Finance          Automotive          Computers          Health          Shopping          Sports         News          Reference           Print Facts in English - BCUZ.COMlos hechos en Español

Floating point



To multiply, the significands are multiplied while the exponents are added, and the result is rounded and normalized.

  e=3;  s=4.734612
× e=5;  s=5.417242
-----------------------
  e=8;  s=25.648538980104 (true product)
  e=8;  s=25.64854        (after rounding)
  e=9;  s=2.564854        (after normalization)

Division is done similarly, but is more complicated.

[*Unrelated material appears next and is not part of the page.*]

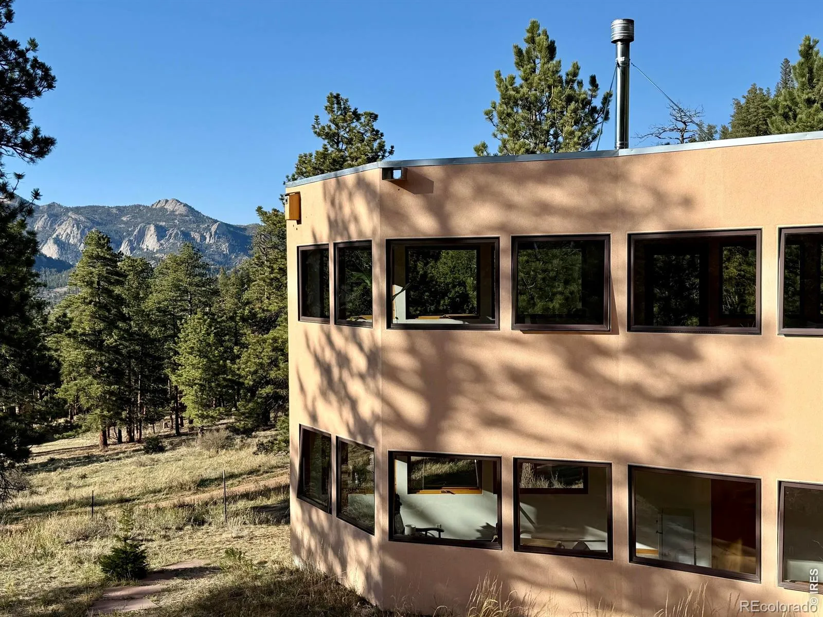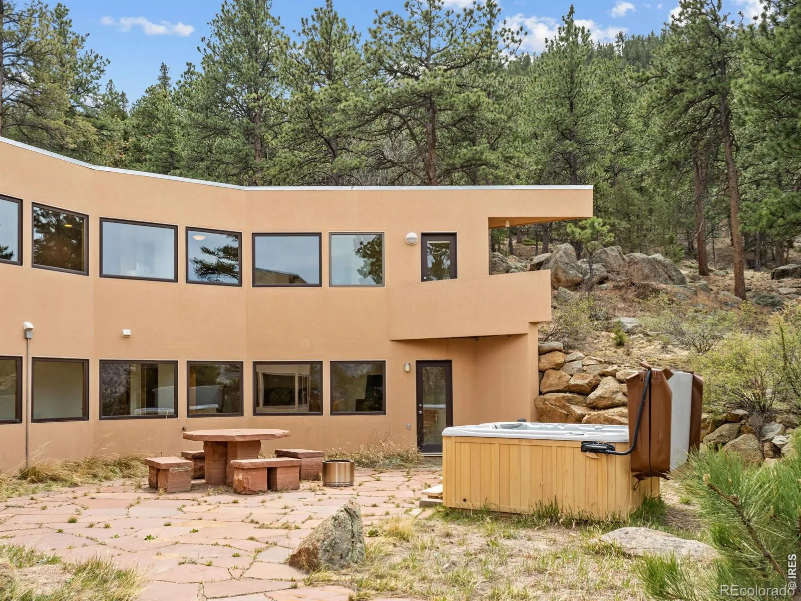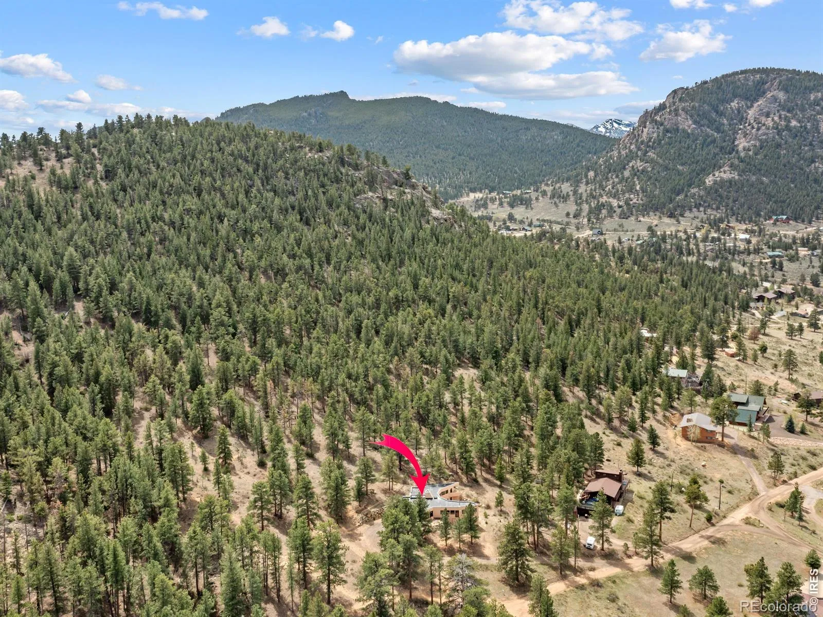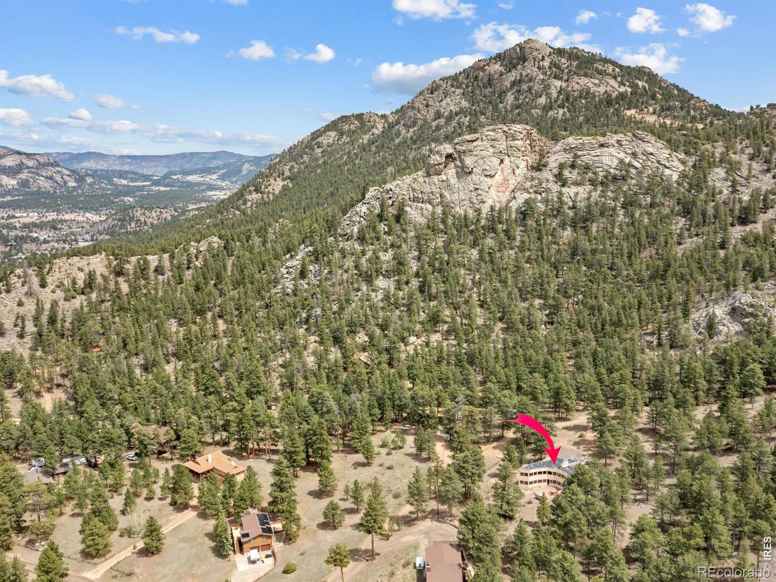 On the west side of Estes Park, 700 Spring St is anything but ordinary. This striking crescent-shaped home feels like it was sketched by an architect who refused to color inside the lines & the result is unforgettable. Perched at the end of a quiet road, the post-modern home delivers something rare: privacy, panoramic views of peaks & valley, & architecture that settles naturally into the landscape. The sweeping, curved design embraces its mountain surrounding. The concave facade wraps around a flagstone courtyard w/ a hot tub, framed by native landscaping & mountain backdrop. Inside, the design does something quietly elegant. Morning light enters along the inner curve & moves across the open interior throughout the day. Living, dining, & gathering spaces flow in a single unbroken gesture. Clean lines meet warm, livable spaces, w/ each level anchored by a double-sided gas fireplace. Red countertops & tile add a splash of color. Skylights & an unending line of windows bring the outside in, each window framing something beautiful. Lumpy Ridge fills one view, a massive lichen-covered boulder another, & the King Tut rock formation rises above it all. At night, the lights of the valley twinkle through the glass. The property backs to 8 acres of private Land Trust open space. Offering 3,334 finished sq ft across 2 levels, the home includes 2 BRs, 3 baths, a walk-in closet, main-level laundry, & a dedicated office where the mountain backdrop becomes your commute. Located in West Estes, you’re just over the hill from Rocky Mountain National Park, with easy access to hiking, wildlife, & everything that defines mountain living in Estes Park. Move-in ready where it counts. The bones & setting are exceptional, w/ room for a buyer to make cosmetic updates & add their own touch. That opportunity is reflected in the price. Quiet, privacy, & space at the end of Spring Street. This home is a conversation piece, a sanctuary, & a rare opportunity to own something truly unique.

There are no cancellation or absorption problems with multiplication or division, though small errors may accumulate as operations are performed repeatedly. In practice, the way these operations are carried out in digital logic can be quite complex (see Booth's multiplication algorithm and digital division).[4] For a fast, simple method, see the Horner method.

[

Dealing with exceptional cases

Floating-point computation in a computer can run into three kinds of problems:

  • An operation can be mathematically illegal, such as division by zero.
  • An operation can be legal in principle, but not supported by the specific format, for example, calculating the square root of −1 or the inverse sine of 2 (both of which result in complex numbers).
  • An operation can be legal in principle, but the result can be impossible to represent in the specified format, because the exponent is too large or too small to encode in the exponent field. Such an event is called an overflow (exponent too large) or underflow (exponent too small).

Prior to the IEEE standard, such conditions usually caused the program to terminate, or triggered some kind of trap that the programmer might be able to catch. How this worked was system-dependent, meaning that floating-point programs were not portable. Modern IEEE-compliant systems have a uniform way of handling these situations. An important part of the mechanism involves error values that result from a failing computation, and that can propagate silently through subsequent computation until they are detected at a point of the programmer's choosing.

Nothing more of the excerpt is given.